Google jumps in to a field with pay-per-view video deals already in place online, such as ABC and NBC arrangements with Apple to offer some of their programming on iTunes for $1.99 a download. NBC and Fox both offer programs on demand through DirecTV for 99 cents and CBS has a similar on-demand deal with Comcast. Most recently, DirecTV announced it would offer up shows from the popular FX Network on demand before they’re scheduled to air on the network for $2.99.

Yahoo also will unveil at CES today its plans for Yahoo Go TV and Yahoo Go Mobile, which will allow access to its portal from those other screens.

Movie studios are also making sure they are prepared to deliver their fare wherever we decide to watch movies. Cable companies and major film studios are discussing ways to release movies through video-on-demand the same day they are available on DVD. Liberty Media cable network Starz will have its own Internet movie download service, Vongo, backed by partnerships with Microsoft and Sony, which will allow consumers to download feature films to PCs and portable media devices for a monthly fee. Akimbo has struck a deal with Hollywood studios to distribute movies over the Internet, saying its TV-top box will be manufactured by Thomson and sold under the RCA brand beginning in April.
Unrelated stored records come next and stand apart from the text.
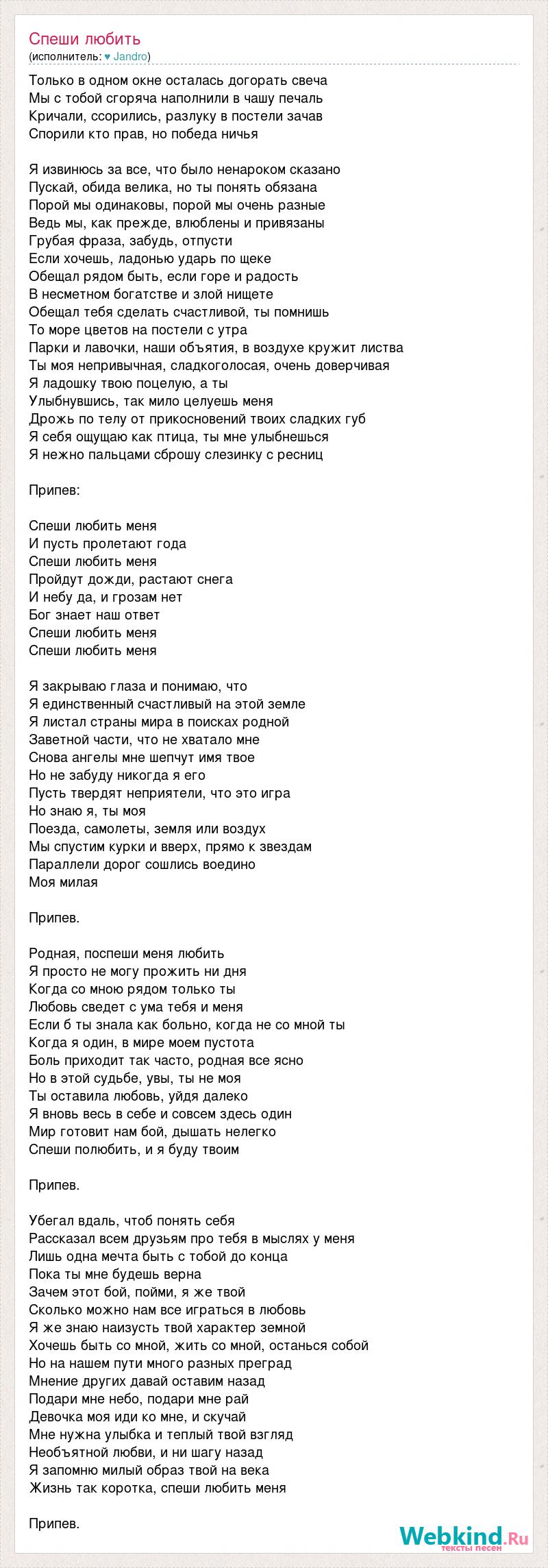 Только в одном окне осталась догорать свеча Мы с тобой сгоряча наполнили в чашу печаль Кричали, ссорились, разлуку в постели зачав Спорили кто прав, но победа ничья Я извинюсь за все, что было ненароком сказано Пускай, обида велика, но ты понять обязана Порой мы одинаковы, порой мы очень разные Ведь мы, как прежде, влюблены и привязаны Грубая фраза, забудь, отпусти Если хочешь, ладонью ударь по щеке Обещал рядом быть, если горе и радость В несметном богатстве и злой нищете Обещал тебя сделать счастливой, ты помнишь То море цветов на постели с утра Парки и лавочки, наши объятия, в воздухе кружит листва Ты моя непривычная, сладкоголосая, очень доверчивая Я ладошку твою поцелую, а ты Улыбнувшись, так мило целуешь меня Дрожь по телу от прикосновений твоих сладких губ Я себя ощущаю как птица, ты мне улыбнешься Я нежно пальцами сброшу слезинку с ресниц Припев: Спеши любить меня И пусть пролетают года Спеши любить меня Пройдут дожди, растают снега И небу да, и грозам нет Бог знает наш ответ Спеши любить меня Спеши любить меня Я закрываю глаза и понимаю, что Я единственный счастливый на этой земле Я листал страны мира в поисках родной Заветной части, что не хватало мне Снова ангелы мне шепчут имя твое Но не забуду никогда я его Пусть твердят неприятели, что это игра Но знаю я, ты моя Поезда, самолеты, земля или воздух Мы спустим курки и вверх, прямо к звездам Параллели дорог сошлись воедино Моя милая Припев. Родная, поспеши меня любить Я просто не могу прожить ни дня Когда со мною рядом только ты Любовь сведет с ума тебя и меня Если б ты знала как больно, когда не со мной ты Когда я один, в мире моем пустота Боль приходит так часто, родная все ясно Но в этой судьбе, увы, ты не моя Ты оставила любовь, уйдя далеко Я вновь весь в себе и совсем здесь один Мир готовит нам бой, дышать нелегко Спеши полюбить, и я буду твоим Припев. Убегал вдаль, чтоб понять себя Рассказал всем друзьям про тебя в мыслях у меня Лишь одна мечта быть с тобой до конца Пока ты мне будешь верна Зачем этот бой, пойми, я же твой Сколько можно нам все играться в любовь Я же знаю наизусть твой характер земной Хочешь быть со мной, жить со мной, останься собой Но на нашем пути много разных преград Мнение других давай оставим назад Подари мне небо, подари мне рай Девочка моя иди ко мне, и скучай Мне нужна улыбка и теплый твой взгляд Необъятной любви, и ни шагу назад Я запомню милый образ твой на века Жизнь так коротка, спеши любить меня Припев.
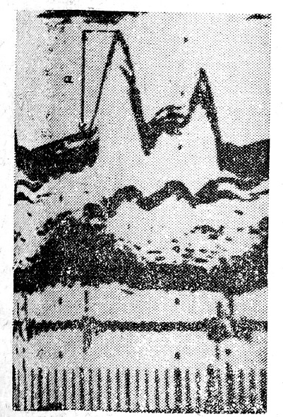 На эхокардиограмме больной С. была систолической части движения митрального роте датчика выявлялась ступенчатость того же систолического участка (рис. 4). На эхокардиограмме больной К.— раннее провисание створок на 3—4 мм в полость левого предсердия. Поскольку выраженные клинические данные отсутствовали, больным было назначено общеукрепляющее лечение, рекомендованы умеренные физические нагрузки.
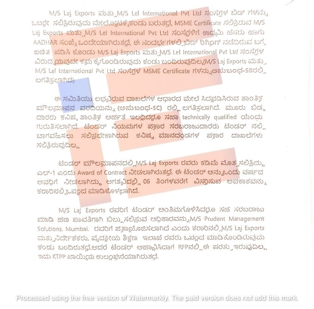 ‘ಲಾಜ್ ಎಕ್ಸ್ಪೋರ್ಟ್ಸ್ ಮತ್ತು ಎಲ್ಇಎಲ್ ಇಂಟರ್ ನ್ಯಾಷನಲ್ ಪ್ರೈವೈಟ್ ಲಿಮಿಟೆಡ್ ಸಂಸ್ಥೆಗಳ ಬಿಡ್ಗಳನ್ನು ಒಬ್ಬರೇ ಸಲ್ಲಿಸಿರುವುದು ಮೇಲ್ನೋಟಕ್ಕೆ ಕಂಡು ಬರುತ್ತದೆ. ಎಂಎಸ್ಎಂಇ ಪ್ರಮಾಣಪತ್ರದಲ್ಲಿ ಸಲ್ಲಿಸಿರುವ ಲಾಜ್ ಎಕ್ಸ್ಪೋರ್ಟ್ಸ್ ಮತ್ತು ಎಲ್ಇಎಲ್ ಇಂಟರ್ ನ್ಯಾಷನಲ್ ಪ್ರೈವೈಟ್ ಲಿಮಿಟೆಡ್ ಸಂಸ್ಥೆಗಳಿಗೆ ಉದ್ಯಮಿ ಹೆಸರು ಮತ್ತು ಆಧಾರ್ ಸಂಖ್ಯೆ ಒಂದೇ ಆಗಿದೆ. ಈ ಸಂದರ್ಭದಲ್ಲಿ ಬಿಡ್ ರಿಗ್ಗಿಂಗ್ ನಡೆದಿರುವ ಬಗ್ಗೆ ಖಚಿತಪಡಿಸಿಕೊಂಡು ಲಾಜ್ ಎಕ್ಸ್ಪೋರ್ಟ್ಸ್ ಮತ್ತು ಎಲ್ಇಎಲ್ ಇಂಟರ್ ನ್ಯಾಷನಲ್ ಪ್ರೈವೈಟ್ ಲಿಮಿಟೆಡ್ ಸಂಸ್ಥೆಗಳ ವಿರುದ್ಧ ಯಾವುದೇ ಕ್ರಮ ಕೈಗೊಂಡಿರುವುದಿಲ್ಲ,’ ಎಂದು ತನಿಖಾ ಸಮಿತಿಯು ವಿವರಿಸಿರುವುದು ತಿಳಿದು ಬಂದಿದೆ.
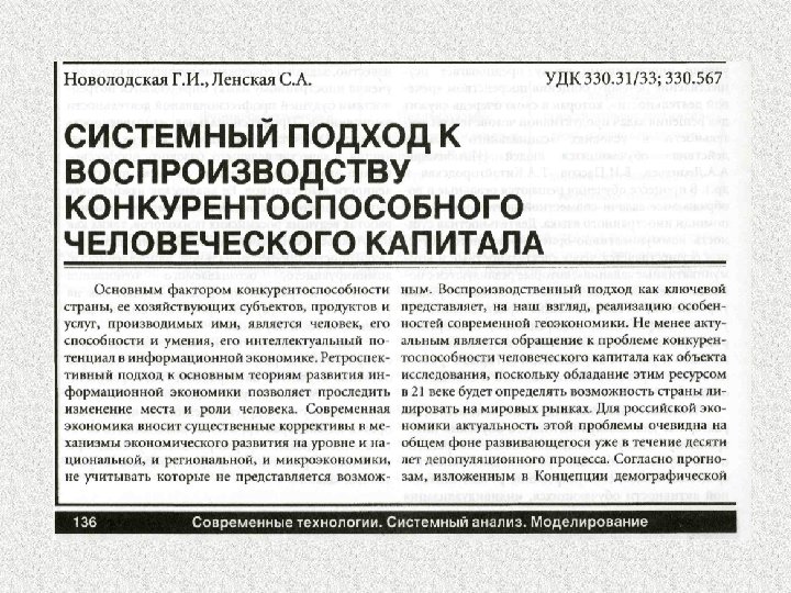 Теории человеческого капитала посвящена статья Новолодской и Ленской «Системный подход к воспроизводству конкурентоспособного человеческого капитала» .
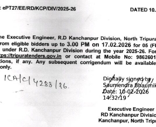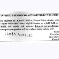 জনতার কলম ত্রিপুরা আগরতলা প্রতিনিধি :- আগরতলার বড়দোয়ালি মিলন সংঘ এলাকায় শনিবার সকালে.
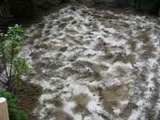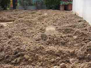 まず、せっせと土を耕します。深さ20−30センチくらい掘るように、とあるのですが、この庭、もともと盛り土をしているせいか、10センチもしないうちに、大きな石ころがゴロゴロ。 |
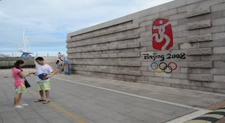 游客參觀奧運(yùn)紀(jì)念墻
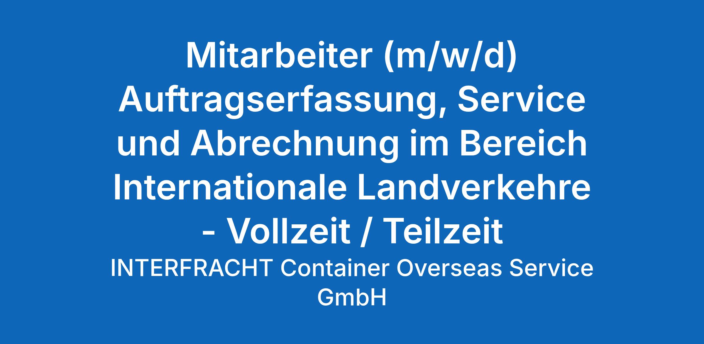 Mitarbeiter (m/w/d) Auftragserfassung, Service und Abrechnung im Bereich Internationale Landverkehre

Manufacturers are also making sure they’re ready for audio, as the other flurry of activity was about how consumers listen to music or podcasts or satellite radio. Motorola introduced iRadio, a subscription service with 435 channels of music, talk and other programming. Subscribers pay $7 to $10 per month to download up to 18 hours of content from the Web to a mobile handset. The content can be played on the handset, home stereo system or via Bluetooth technology in a car.